A new bill signed by California Governor Jerry Brown will protect grocery store workers from getting fired in the case of a change of ownership or corporate merger.

by Javier Cabral
Aug 19 2015, 2:00pm

Photo via Flickr user Rosa Say

New residents that move into up-and-coming neighborhoods will ultimately demand different supermarkets—this is a fact. Because let's be real: A family that just dropped half a million dollars on a home probably isn't going to want to fill their cabinets with generic-brand chips and cereal from the 99-cent store. The more likely scenario is that these stores will eventually be replaced by a Trader Joe's or a Whole Foods (or maybe one of its soon-to-come, cheaper 365 by Whole Foods Market stores).

California, we are looking at you. With your $6,000-a-month rents in San Francisco and lack of housing in Los Angeles, it turns out that your supermarket employees are always the first ones to get screwed over and lose their jobs. That is, until now—since California Governor Jerry Brown just signed a measure that will require large grocery stores keep their workers for at least 90 days after a change in store ownership.

READ: LA Health Department Not Delighted By Supermarket Selling Whole Dead Raccoons

The newly signed bill—crafted by San Diego Assemblywoman Lorena Gonzales—is directly aimed at helping the hardworking grocery-store workers statewide, regardless of position, protecting them in the event of a change of grocery store ownership and also in the event of a corporate merger.
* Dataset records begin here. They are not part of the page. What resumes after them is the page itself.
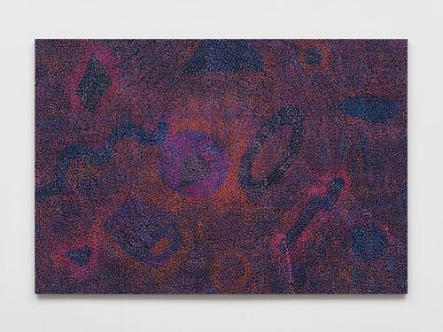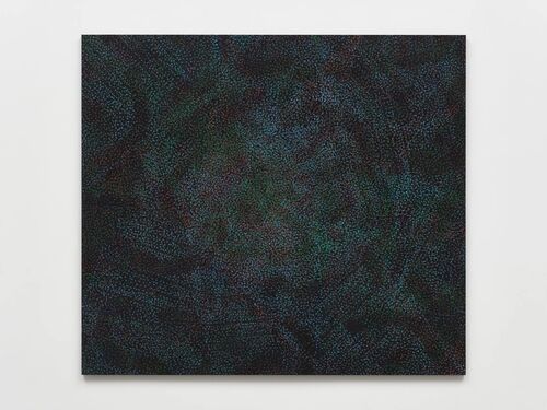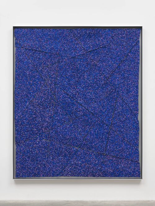 Three women artists of different generations consider the wonder of the cosmos in White Cube’s booth. American artist Howardena Pindell (whom the gallery began representing last year) exhibits recent works in her classic dotted style. Deep Sea #2 (2024) depicts the dark of the ocean in stunning swirls of blue and green dots. Meanwhile, the large work Night Flight (2024) stitches together different segments of the canvas in a bright blue, covered in paper dots that evoke the microscopic elements of our world.
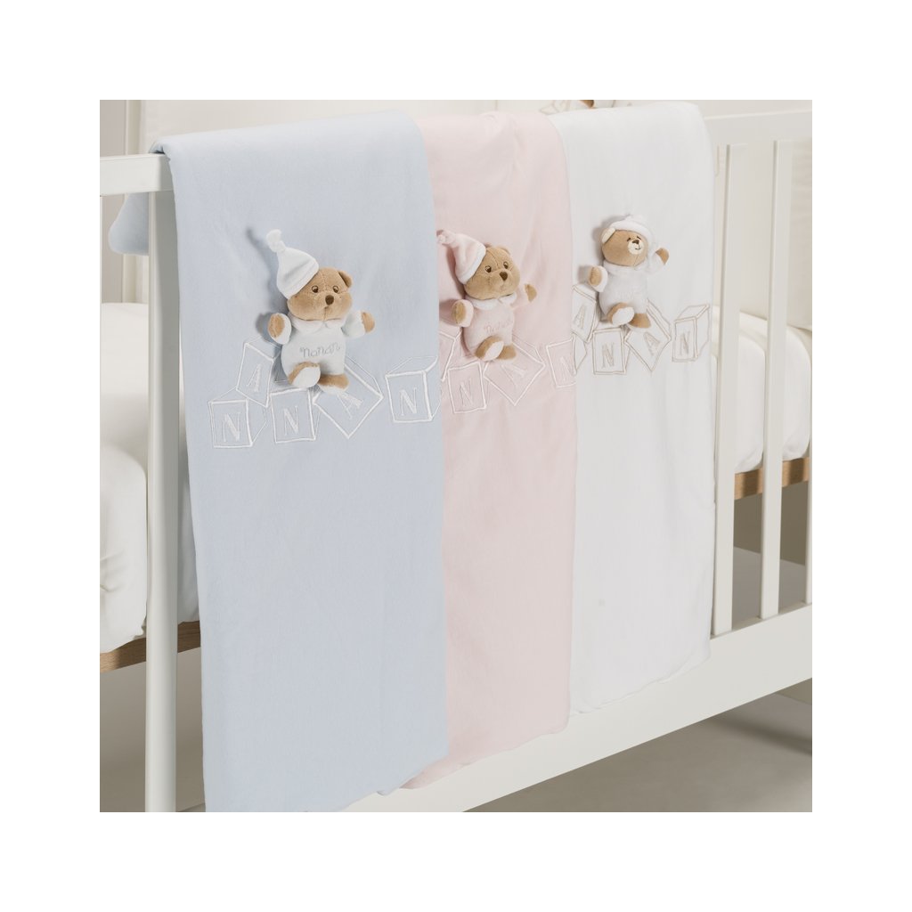 Kvalitná hebká bavlnená deka pre bábätko s dekoráciou nežného medvedíka kolekcie Tato od talianskej prestížnej značky Nanán. Vyrobené zo super mäkkého bavlneného jersey pre najlepšiu pohodu a mäkkosť pri spaní vášho drobca. Svojou jemnosťou vás očarí! Ideálna aj ako darček.
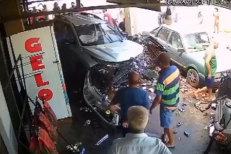SUSTO Homem é arremessado para dentro de distribuidora após acidente envolvendo dois carros em Goiânia Com a colisão, um dos veículos acabou invadindo a calçada e atingiu de forma violenta uma distribuidora de veículos há 2 anos

"Wall Street mergers and acquisitions that make big money for corporations and private equity firms should not jeopardize jobs of the grocery workers who live and work in our communities," said Gonzalez in a statement published in the Sacramento Business Journal.

Unsurprisingly, this bill is strongly backed by labor groups, including the United Food and Commercial Workers, the same labor group which also recently fought for the right of supermarket employees to unionize within the anti-union Mexican supermarket chain El Super.

However, like all potentially new laws, this bill also had a few adversaries arguing that it would force a company to keep its predecessor's employees and adhere to contracts that the new owner did not negotiate. One of the biggest opponents has been the California Chamber of Commerce, which labeled the measure AB 359, a "job killer."

Supermarket employees have always been there for you when you needed them the most. Just think of those times when you were downtrodden to find an empty shelf in place of your favorite almond milk when an employee magically arrived with a carton from the back, or when your favorite cashier let a couple of pennies slide because you didn't have any change and didn't want to break an entire dollar?

They are indeed unsung heroes, and now the law finally has their backs as they have had ours.